P0-GGFβ3; Trp53+/− MPNSTs Demonstrate ErbB-Dependent Ras Hyperactivation While Remaining Trp53 Haploinsufficient
Our genetic complementation experiments demonstrated that NRG1 overexpression could substitute for Nf1 loss to promote de novo MPNST pathogenesis in a Trp53+/− genetic background, which suggests that NRG1 promotes tumorigenesis via its effects on the same signaling pathway that is affected by Nf1 loss. If this interpretation is correct, we would predict that NRG1 overexpression would induce biochemical abnormalities analogous to those resulting from Nf1 loss such as Ras hyperactivation.
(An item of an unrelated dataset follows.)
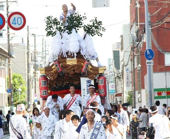 ここでは東成郵便局から会場までの地車パレード曳行を紹介します。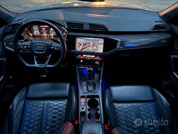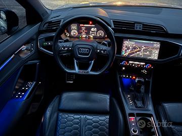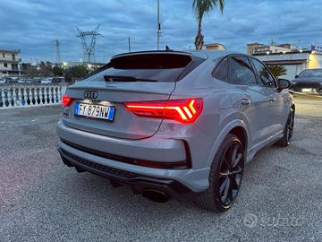 Audi RSQ3 Sportback S-Tronic 2.5 TFSI 400cv 294kw Anno12/2019 Cambio Automatico Chilometraggio: 70.000 km Condizioni: Usato Immatricolazione: 12/2019 Tipologia: Fuoristrada Carburante: Benzina Tipo di cambio: Automatico 7 rapporti Con paddle al volante Accessori Extra: - Interni con Sedili Trapuntati in Pelle nera edelementi in alcantara color Nero - Impianto di scarico sportivo RS - Impianto Frenante RS con dischi Carboceramici - Telaio sportivo RS plus con regolazione dellesospensioni - Telaio adattivo con Audi drive select - Telecamera multifunzionale - Cerchi in lega 21” design 5 razze a V poligonaliNeri - Volante in pelle con profilo sportivo a 3 razze,con multifunzione plus - Riscaldamento dei sedili anteriori - Sedili sportivi plus anteriori - Pacchetto Pelle Nappa fine con trapuntaturaesagonale - Chiave comfort, senza SAFELOCK - Audi pre-sense front per sistema di regolazioneautomatica della velocità - Specchietti esterni regolabili, riscald. eripieg. elettricamente, con funz. autom. antiabb. sui due lati - Specchietto interno con funzione automaticaantiabbagliamento, senza cornice - Elementi interni in Alcantara Neri - Inserti decorativi Carbon - Indicatore di controllo della pressione deipneumatici - Sistema Start/Stop con recupero dell'energia - Sistema di navigazione MMI plus con MMI touch - Fari Matrix LED con indicatori di direzionedinamici - Fari Posteriori a LED - Impianto lavafari - Sensore luminosità e pioggia - Audi Virtual Cockpit plus - Bang & Olufsen Premium Sound System consonorità 3D - Audi phone box - Copertura del motore - Pacchetto Design RS - Pacchetto Vano portaoggetti e vano bagagli - Vetri Privacy (vetri oscurati) - Pacchetto Luci Ambiente plus - Portellone elettrico - Pack black finiture in contrasto nere - Android Auto ed Apple carplay Dotata di: Immobilizzatore elettronico, Filtroantiparticolato, Vivavoce, Touch screen, Controllo vocale, Bluetooth, Autoradiodigitale, Servosterzo, Sensori d

To test this, we compared the relative levels of activated Ras in non-neoplastic Schwann cells to that in three P0-GGFβ3; Trp53+/− MPNST early passage cultures. In these experiments, activated Ras protein was pulled down from cell lysates using a GST fusion protein containing the Raf-1 Ras binding domain (Raf-1 RBD; Fig. 7a), which only binds activated Ras. Proteins captured with the Raf-1 RBD were then immunoblotted and probed with a pan-Ras antibody. We found that the levels of activated Ras were increased in all three MPNST cultures relative to non-neoplastic Schwann cells. Further, treatment with the pan-erbB inhibitor, canertinib (CI-1033), reduced the levels of activated Ras to the baseline levels evident in non-neoplastic Schwann cells. Considered collectively, these findings demonstrate that NRG-1 signaling mediated by its erbB3 and/or erbB4 receptors, like Nf1 loss, induces Ras hyperactivation in P0-GGFβ3; Trp53+/− MPNSTs.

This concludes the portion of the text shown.